En représentation de matinée, le ténor qui joue le rôle titre dans Faust canarde ses aigus l’un après l’autre. Il y a une note qu’il ne peut pas se permettre de rater, cependant, car le public marseillais l’attend de pied ferme: le contre-ut dans le grand air Salut, demeure chaste et pure. Or, le chanteur la craque royalement, l’envoyant voler en mille morceaux. De la salle montent les huées et les cris de «Remboursement! Qu’on le chasse, le pourri! » suivis de tous les autres mots affables du dictionnaire.

Le chef d’orchestre est obligé d’interrompre le spectacle. En toute hâte, on baisse le rideau, on appelle la police pour rétablir l’ordre mais trop tard! les gens sont sortis attendre notre ténor à l’entrée – ou plutôt à la sortie – des artistes pour lui régler son compte.
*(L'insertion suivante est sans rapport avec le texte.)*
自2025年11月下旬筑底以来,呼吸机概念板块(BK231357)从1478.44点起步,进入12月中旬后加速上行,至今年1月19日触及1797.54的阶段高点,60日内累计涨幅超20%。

Un employé compatissant a sauvé la vie de l’infortuné chanteur en le dissimulant dans un camion de décors pour le ramener à son hôtel.
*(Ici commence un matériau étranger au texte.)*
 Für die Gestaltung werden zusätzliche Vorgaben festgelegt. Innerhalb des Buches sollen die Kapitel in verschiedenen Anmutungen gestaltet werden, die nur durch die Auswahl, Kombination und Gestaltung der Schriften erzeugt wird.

Dites-moi, qui après cela voudrait chanter à Marseille?


Peter Grimes
Peter Grimes, un opéra très sérieux de Benjamin Britten, demeurera toujours associé dans mon esprit à l’un des incidents les plus drôles de toute ma carrière.

La générale n’est pas plutôt commencée que des murmures s’élèvent sur scène parmi les choristes. Peu à peu, les chuchotements se transforment en conversation à voix haute et je finis par comprendre qu’une choriste manque à l’appel. Georgette n’est pas là. Tout le monde s’inquiète. Où donc est Georgette? Il a dû lui arriver quelque chose, elle qui est toujours si ponctuelle, il faudrait aller lui téléphoner. Enfin la commotion grandit au point où le chœur ne chante presque plus.
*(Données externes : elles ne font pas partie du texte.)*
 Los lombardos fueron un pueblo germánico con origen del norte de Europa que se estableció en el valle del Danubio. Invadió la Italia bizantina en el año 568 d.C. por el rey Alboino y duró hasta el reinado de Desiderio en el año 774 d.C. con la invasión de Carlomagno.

Impatienté, le chef arrête l’orchestre et apostrophe les choristes:

«Mais qu’est-ce qui vous prend? Vous savez bien qu’on n’interrompt pas une générale. Allez, on reprend!

– Maestro, hasarde un des chanteurs, c’est que Georgette n’est pas arrivée …

– Et puis après? Allez, on continue!»

Sur ces entrefaites, Georgette arrive sur scène en courant: «Attendez, attendez, il faut que je vous raconte», dit-elle en haletant. Devant son air ahuri, le chef d’orchestre dépose sa baguette en soupirant. Veut, veut pas, il faudra écouter l’histoire de Georgette! …

«Alors voilà, il y a longtemps que mon évier de cuisine n’avale pas, commence-t-elle avec son pittoresque accent. Et ça fait des mois que je demande à mon mari de le déboucher. Vous savez comme c’est ennuyeux, un évier qui n’avale pas! Eh bien, ce matin, mon mari s’apprêtait à prendre sa douche quand j’ai insisté encore pour qu’il vienne déboucher mon putain d’évier.

Complètement à poil, mon mari prend les outils, se met à quatre pattes sous l’évier et commence à défaire les boulons. La chatte, qui passe par là, lui donne un coup de griffes exactement là où vous pensez, alors mon mari fait le saut et se frappe la tête sur les tuyaux. Il saigne comme un porc, le pauvre. Il hurle. J’essaie d’arrêter le sang, mais je n’y arrive pas, ça n’arrête pas de couler.

Alors j’appelle police-secours. Ils arrivent au bout d’un quart d’heure et embarquent mon mari dans l’ambulance. Rendu à l’hôpital, en montant l’escalier, l’un des porteurs de la civière demande à mon mari comment il s’est fendu la tête. Il raconte son histoire. Alors les porteurs rient tellement fort qu’ils échappent mon mari et qu’il se casse le bras.

Voilà, Maestro, pourquoi je suis en retard!»